Aims: The aim of this study is Cr (VI) removal by titanium dioxide (TiO2) photocatalytic reduction and the effect of phenol and humic acid (HA) on its removal efficiency are investigated.
Materials and Methods: The experiments were performed on both simulated synthetic wastewater and real wastewater. Various parameters such as pH, contact time, Cr (VI) and TiO 2 concentrations, and a constant concentration of phenol and HA were considered to perform the experiments.
Results: The removal value of Cr (VI) alone is 81% and in combination with HA and phenol is 89.7% and 96.2%, respectively. Cr (VI) removal efficiency was enhanced by decreasing pH and contact time.
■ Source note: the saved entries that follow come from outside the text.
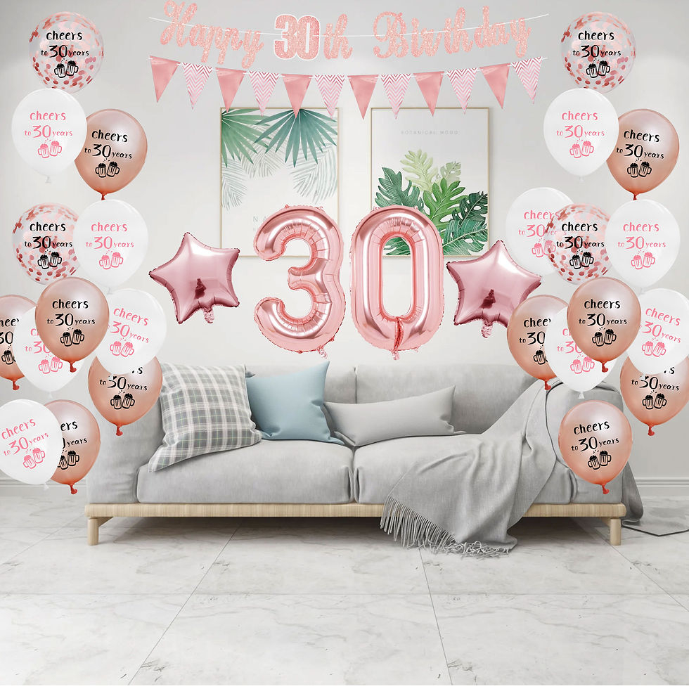 Happy 30th Birthday Party Rose Gold Balloon Set
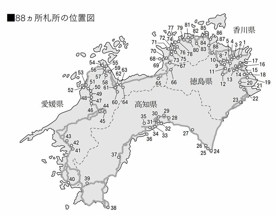 徳島県(阿波の国)にある1番札所霊山寺(りょうぜんじ)から23番札所薬王寺(やくおうじ)までは、「発心」(発菩提心)修行への志をかためる区間(約240キロ)。24番札所最御崎寺(ほつみさきじ)から高知県(土佐の国)に入り、39番札所延光寺(えんこうじ)までは、自らと向き合って苦闘する「修行」区間(約430キロ)。
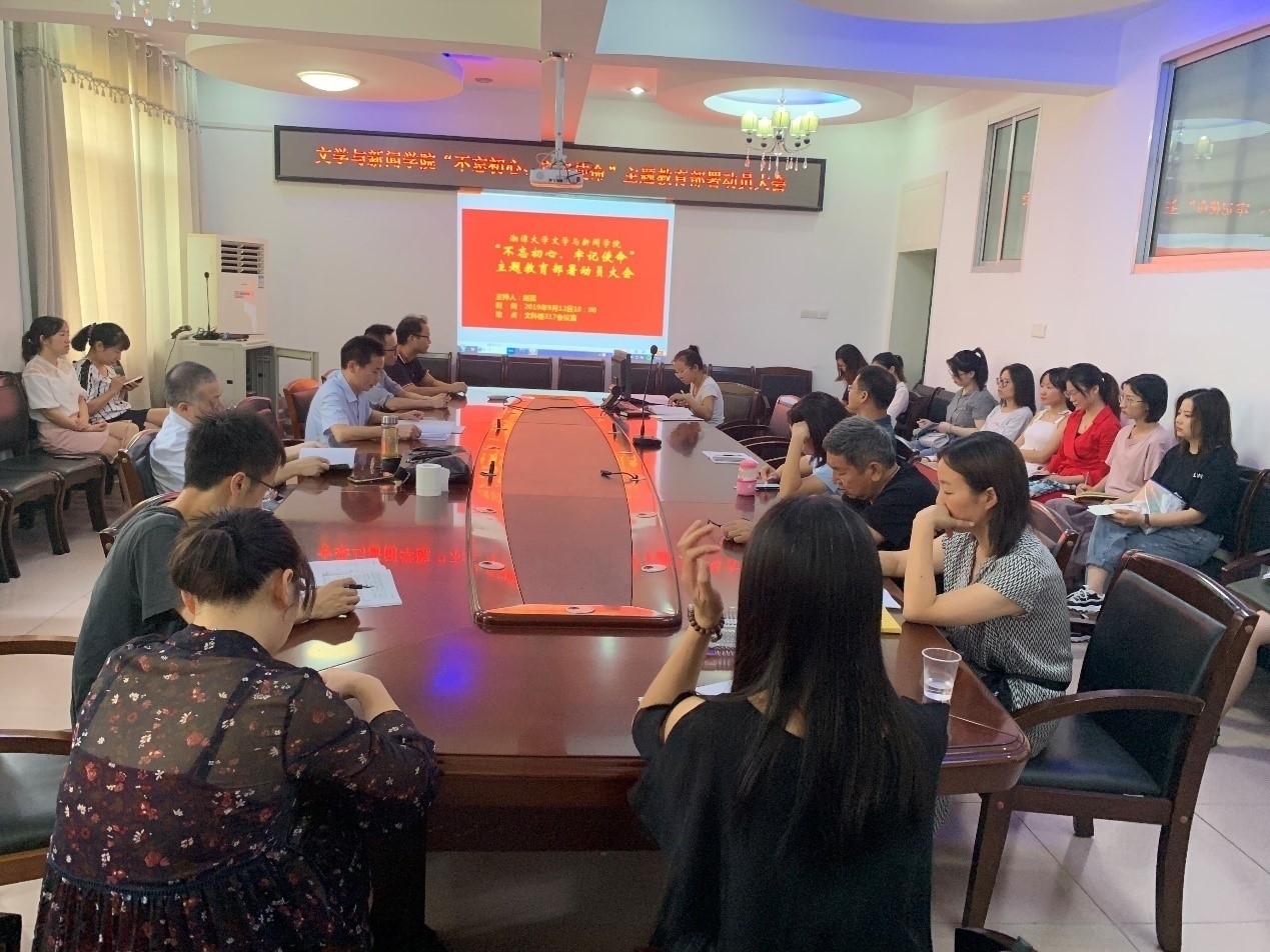 “不忘初心、牢记使命”主题教育部署动员大会在文科楼317会议室举行,会议由院党委书记赵猛主持,院党委委员、全体教职工党员、学生党支部全体支委参加会议。

With increasing TiO 2 dosage, the removal of Cr (VI) increased, up to 0.5 g/L and then decreased at 1 g/L. Cr (VI) removal efficiency decreases with the increase of Cr (VI) initial concentration. Removal efficiency, in 10 mg/L initial concentration of phenol and HA, was enhanced as contact time increased. Equilibrium data and adsorption process kinetics obey Langmuir isotherm model and pseudo second-order kinetic model, respectively.
Conclusions: Heavy metal ions and organic pollutants are often present in real wastewater. This research suggests that the photocatalytic reaction TiO 2 could be applied to more effectively treat wastewaters containing both Cr (VI) and organic compounds.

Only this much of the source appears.